O trabalho do Argel ainda precisa evoluir
Raul Grochau (*)
Depois da partida de domingo passado
entre Inter e São Paulo de Rio Grande pelo Gauchão li e ouvi rasgados elogios a
respeito da capacidade do técnico Argel Fucks em melhorar o time, em promover
mudanças táticas e técnicas, o quanto tinha de dedo do treinador colorado nos
últimos resultados do time e outras coisas do tipo.
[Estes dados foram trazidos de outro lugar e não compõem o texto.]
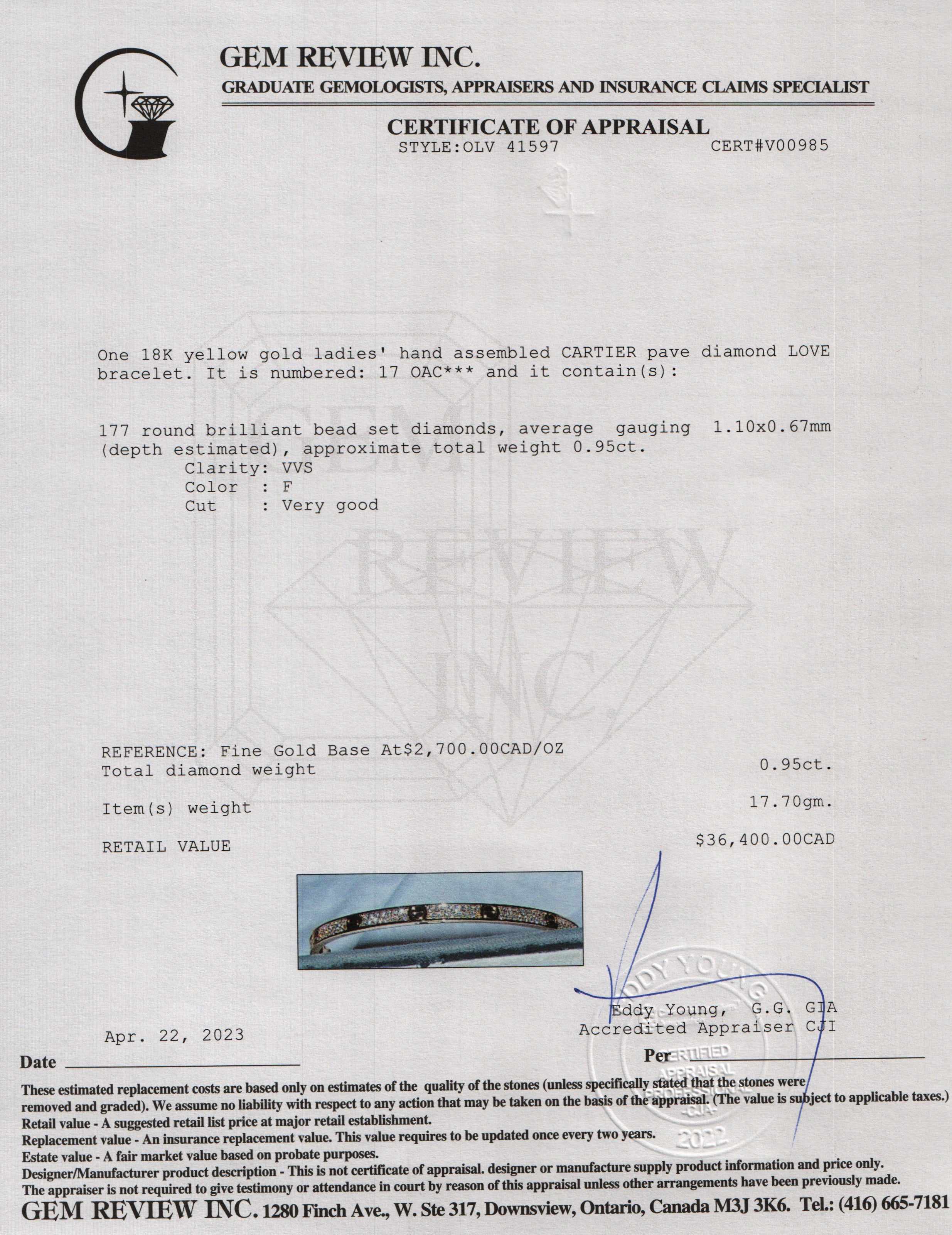18k Yellow Gold Paved Diamond Love Bracelet, Small Model w/ Box & Certificate

Lendo e ouvindo estas
coisas o Argel deve ter pensado que realmente seus sonhos de ser um segundo
Tite, de treinar a Seleção de Portugal ou a Seleção Brasileira podem se tornar
realidade, mas como diz a gurizada, só que não.
Muita calma nesta hora. Não podemos
esquecer que estamos falando do Gauchão onde o nível de competitividade não é
lá estas coisas. Aliás, nenhum regional, exceto o Paulistão, possui um bom
nível de competitividade. Por isto mesmo há muitos anos se tem dito que os
regionais não servem de parâmetro para competições nacionais. Um exemplo disto
é o RJ, um centro economicamente forte, com quatro equipes grandes onde o
campeão, o Vasco, caiu para a Segundona e o vice, o Botafogo, saiu da Série B
no final do ano.
Quero dizer com isto, gente amiga, que
o Argel melhorou em relação a ele mesmo, mas a concorrência é fraca e ainda
assim o Inter vinha tropeçando em adversários modestos. No domingo passado
mesmo o próprio São Paulo teve duas chances de gols claras por conta da
fragilidade defensiva do Colorado e só não marcou pela inabilidade de seus
atacantes. Então dizer que o Argel melhorou, que encontrou o esquema ideal para
o Inter é uma generosidade com o arredio treinador colorado. Eu diria que o
técnico do Internacional está menos pior do que já esteve, mas isto não
representa necessariamente uma evolução se levarmos em consideração o modesto
nível dos adversários até o momento comparado com o poderio técnico e
financeiro do Inter.
Já contra o São José no próximo final
de semana poderemos ter uma idéia do que o Argel é capaz, pois o Zequinha fez a
segunda melhor campanha do Gauchão até o momento, ficando apenas atrás do
Grêmio. Mas conhecendo bem o técnico colorado, qualquer revés será por culpa do
árbitro, dos desfalques ou do gramado sintético ou então culpa de determinados
setores da imprensa que insistem em não ver méritos no seu trabalho. Mas mesmo
que eu seja uma ilha solitária de críticas num oceano de elogios ao Argel, não
me furto em declarar que a mim o técnico do Inter ainda não convenceu.